Live tests catch issues in real host integration: stale tool metadata, connector refresh problems, actual model tool selection, OAuth or account linking failures, production bundle loading, iframe sandbox restrictions, CSP allowlist mistakes, real host theme propagation, and layout bugs caused by the host container. Inspector tests should still cover most UI states because they are faster, deterministic, and safe to run in CI.

Should live tests run in CI/CD?

Usually no. Run unit, integration, e2e, visual, and cross-host inspector tests on every pull request. Run live tests manually before release, on a scheduled smoke test, or from a protected workflow that has a dedicated test account. Live tests depend on real hosts, sessions, model behavior, network conditions, and rate limits, so they are less stable than local inspector tests.

How do I keep live tests from becoming flaky?

Keep the live suite small, use specific prompts, assert on durable UI states, avoid exact model wording, prefer web-first Playwright assertions over sleeps, isolate each test in a fresh conversation, and run local inspector tests for edge cases. Use live tests as a smoke suite for the real host path, not as your full regression suite.
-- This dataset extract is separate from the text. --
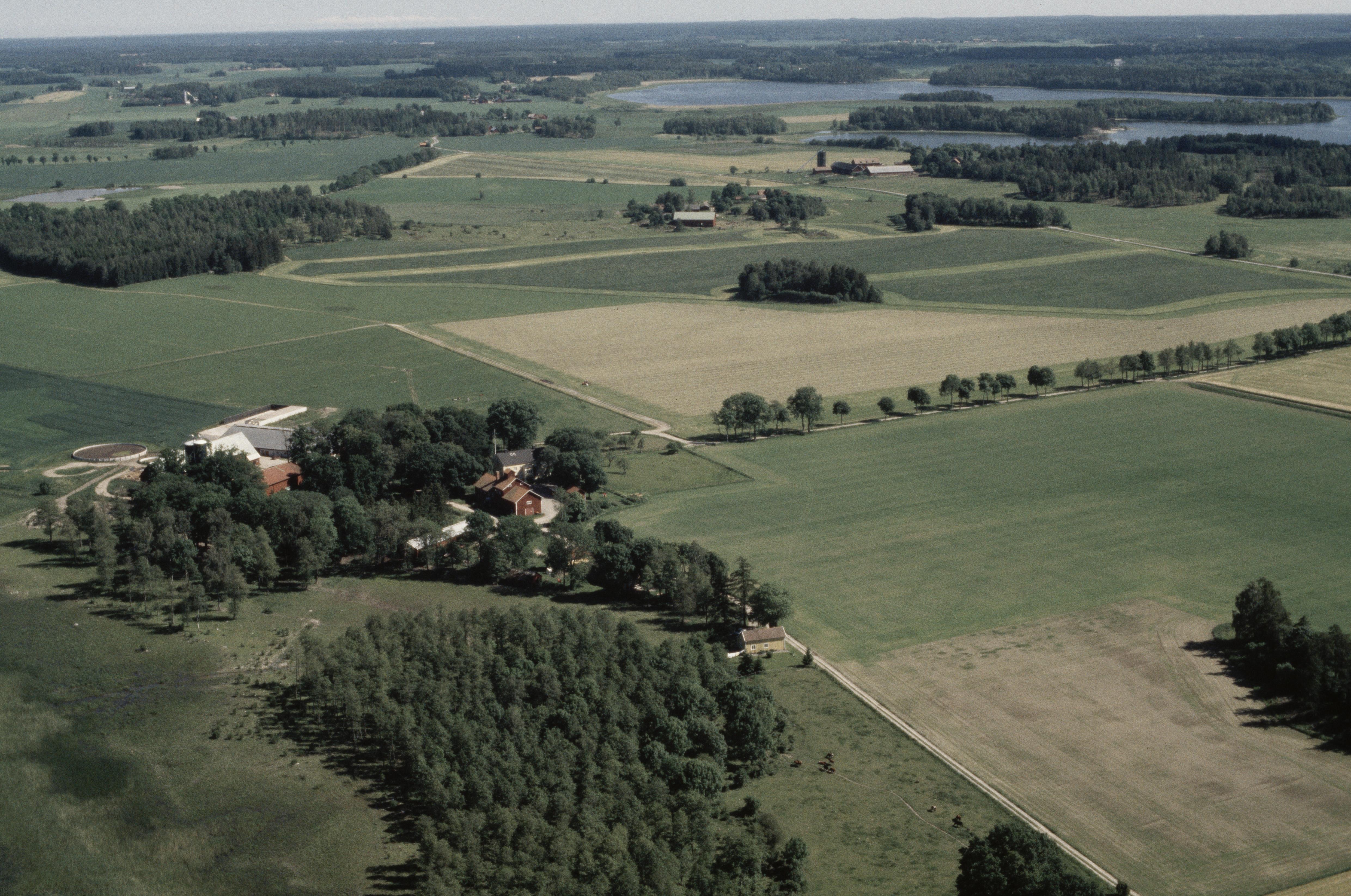 Beskrivning: Till vänster Kjulsta gård. Gravfält Kummelbacken RAÄnr Stigtomta 135:1 vid bildens mitt. I bildens övre del sjön Yngaren. Bilden är tagen mot (väderstreck): SO

How is live testing different from MCP Inspector or the sunpeak inspector?

MCP Inspector and the sunpeak inspector are local development and testing tools. They let you inspect tools, render UI resources, load simulation fixtures, and run deterministic Playwright tests without a real host account. Live testing opens ChatGPT or Claude and validates the production integration path. Use the inspector while building and in CI, then use live tests as final host validation.